Documents from the Yale Avalon project, TeachingAmericanHistory.com, and other online resources will serve as primary sources for this lesson.

Guiding Questions

To what extent was the alliance against the Axis powers unified in values and postwar goals?

What were the major allied differences on wartime strategy and goals and how were they resolved?

Why and how did the United States attempt to preserve the Grand Alliance as American diplomats addressed European issues?

Was the American vision for postwar East and Southeast Asia flawed? If so, in what ways?

Learning Objectives

Lay out the outlooks and objectives of the United States, Great Britain and the USSR, at the beginning of World War II with some sense of areas of convergence and disagreement.

Evaluate the Atlantic Charter and the Four Freedoms as alliance goals and weigh them against the experience of the Nazi-Soviet agreements of 1939.

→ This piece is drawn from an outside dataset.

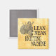 "Lean Mean Knitting Machine" - a funny saying for knitters with graphics showing a basket with wool and knitting needles. Knitting humour for knit wits!

Explain the ways in which the USSR, the United States, and Britain differed on their approach to winning the war

Explain why the methods used to obtain the surrender of the French North African government were controversial in Britain and the United States and also disruptive of alliance unity

Explain the Anglo-American decision to require "unconditional surrender" from the Axis powers

Explain the ways in which the evolving military progress of the war affected diplomatic decision-making

Explain the ways in which the USSR, the United States, and Britain differed on the future of Germany.

Explain the differences between the three allies over the future of Eastern Europe, with particular attention to the problem of Poland.

Explain the role played by the establishment of the United Nations in inter-allied diplomacy.

Explain the ways in which the evolving military progress of the war affected diplomatic decision-making.

Draw on the online documentation to explain the American approach to the shaping of the peace.

Explain the differing viewpoints with which the USSR, the United States, and Britain approached the issue of European imperialism.

Explain the ways in which the USSR, the United States, and Britain approached the issue of the future of China and define the postwar goals of each nation.

 

Evaluate whether in these cases American policy was "realistic," i.e., in the best interests of the United States and/or likely to be achieved in the postwar world.